(GIVEN RECORDS)

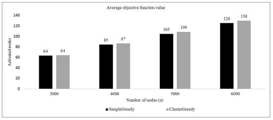 Kempe et al. [15] introduced the SimpleGreedy algorithm to solve the problem of maximizing the influence. This algorithm uses the concept of marginal gain, which is the influence spread increase obtained by adding a node to the seed set. The SimpleGreedy algorithm employs a greedy approach by selecting the node with the highest marginal gain over the network and including it in the seed set at each iteration. This process is repeated k times [16]. Given the spread function , the marginal gain of a given node u can be computed by , which Kempe et al. [15] estimated with Monte Carlo simulations. This algorithm is known to have a poor running time performance. That inefficiency has motivated several alternative approaches and motivated our study to reduce the computation time.
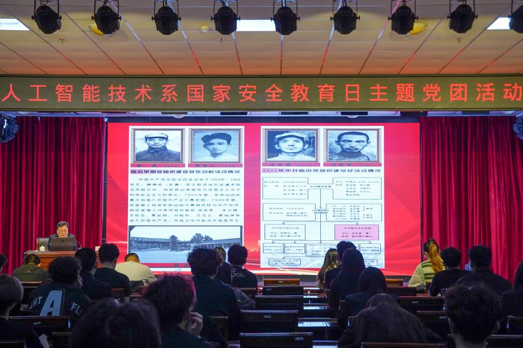 4月14日下午,人工智能技术系党支部联合系团委开展“筑牢国家安全防线・传承红色刘村精神”主题党团课活动,全系党员、入党积极分子及团员代表参加。
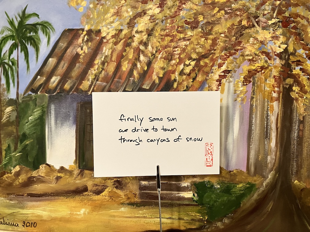 March 3, 2023 haikuandy daily haiku, haiga, haiku, micropoetry, poetry haiku 20230303 finally some sunwe drive to townthrough canyons of snow
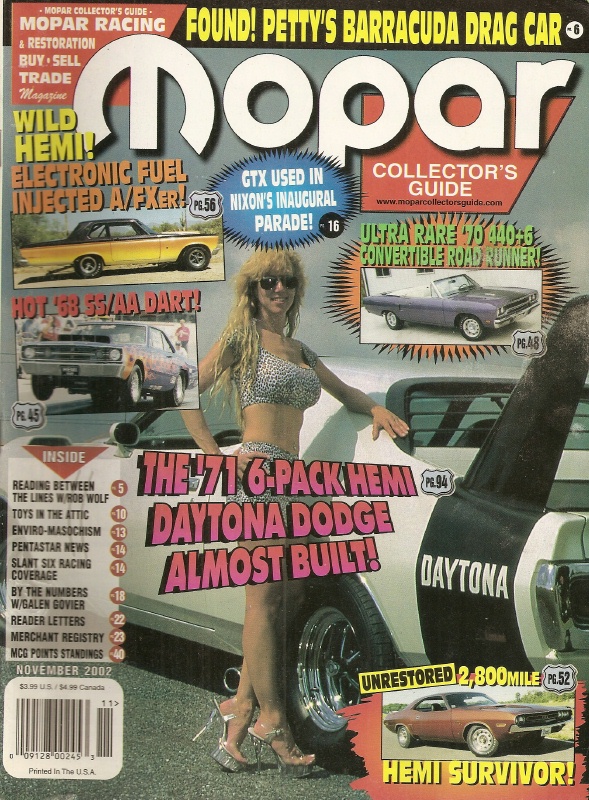 Reviews MOPAR COLLECTORS GUIDE 2002 NOV - PETTYs 65 DRAG RACING BARRACUDA
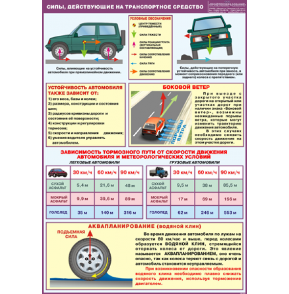 На сырой или обледенелой дороге, в снегу вследствие плохого сцепления поверхности колеса автомобиля с дорожным покрытием путь торможения возрастает в несколько раз.

(End GIVEN RECORDS)

== EXERCISE OBJECTIVE ==
Skip the pictures and print exactly the lines from the one containing "4月14日下午,人工智能技术" through the end of the records above.

== SOLUTION ==
 4月14日下午,人工智能技术系党支部联合系团委开展“筑牢国家安全防线・传承红色刘村精神”主题党团课活动,全系党员、入党积极分子及团员代表参加。
 March 3, 2023 haikuandy daily haiku, haiga, haiku, micropoetry, poetry haiku 20230303 finally some sunwe drive to townthrough canyons of snow
 Reviews MOPAR COLLECTORS GUIDE 2002 NOV - PETTYs 65 DRAG RACING BARRACUDA
 На сырой или обледенелой дороге, в снегу вследствие плохого сцепления поверхности колеса автомобиля с дорожным покрытием путь торможения возрастает в несколько раз.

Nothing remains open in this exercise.